Granville post office closing, piece of community is lost
GRANVILLE — After the close of business hours this Friday, post office box users in the town of Granville will have to go elsewhere to pick up their mail.
Since 1963, the U.S. Postal Service has leased one room in a Route 100 home next to the general store to serve as the post office; it hosts 50 P.O. boxes used by Granville residents. Citing health issues, landlords Alice “Pete” and William Parrish made an emergency suspension of the lease late last month, forcing the post office to vacate.
Granville residents were notified of the impending closure in a letter postmarked Jan. 5.
For a town with a population of only around 300, the closure of the post office means that finding places and occasions for the community to gather is getting more difficult, said Granville selectboard chair Cheryl Sargeant, noting the closure of the school and library and relocation of the church in the last several years.
“You kind of lose your sense of community,” she said. “The only other thing where we can gather and chit chat is on garbage day and on Town Meeting Day. Everybody is going to have to work on their own. It’s an unfortunate thing but we understand why.”
The Granville location was classified by the Postal Service as a Remotely Managed Post Office, which maintains limited hours per week.

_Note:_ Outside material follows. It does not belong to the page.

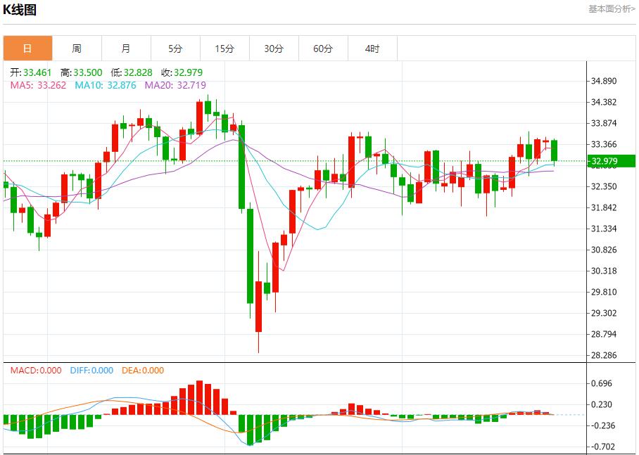 现货白银:截止北京时间20:21,现货白银下跌,现报32.991,跌幅1.40%。纽市盘前,(白银)价格在最近的盘中交易中下跌,试图获得可能有助于其再次上涨的积极势头,同时在短期基础上沿着看涨趋势线交易,继续承受来自其EMA50上方交易的积极压力,注意到(RSI)达到超卖水平,与价格波动相比被夸大了。

Starting Jan. 23, post office boxes will be transferred to the Hancock Post Office, located five miles south on Route 100. Residents can also request to set up rural delivery.
“We’re making them available so that they won’t have to do anything but go to Hancock and pick up their new keys,” said Ted Carty, postmaster for the towns of Rochester, Granville and Hancock. “I’m trying to make it as easy as possible for everyone.”
The Postal Service has experience locating new sites to house P.O. boxes or devising other solutions for residents to get their mail when they lose access to rented space.
Postal Service spokesman Steve Doherty said a popular alternative to a brick-and-mortar office is to establish what the Postal Service calls a “Village Post Office,” where an existing business installs post office boxes and sells postal products over the counter. These services have been used in hardware stores, general stores and other locations all over the Northeast, he said.
“In a smaller community that’s always something to consider if they can’t find a suitable postal presence,” Doherty said.
Sargeant said the closure of the post office posed a problem regarding mail directed to the municipality. The selectboard will have to decide where it will have town mail sent, she said.
“With the town office open only four days a week, we need to know where the mail is going to be,” she said. “It’s not fair to ask the town clerk to travel miles down the road to pick up her mail from another post office when it might be handier to have it delivered.”
Sargeant also said some Granville residents may choose to have their mail delivered north of town in Warren or Waitsfield, where more people work.
Some people would have appreciated some more advanced notice, Sargeant added.
“It doesn’t give you a whole lot of time to make changes and notify your bank and relatives,” she said.
Jim Parrish, son of Alice and William, remembers growing up in the house where the post office was also located. He was 11 when the post office moved in with them.
“It was pretty much just a normal way of life for me,” he recalled. “I couldn’t remember anything different from having the post office in the house.”
Both of his parents are now 86 and Parrish will work with friends to convert the downstairs space into a bedroom and bath for his parents.
“That’s why we needed the space back,” he said. “Going up and down the stairs is no longer an option.”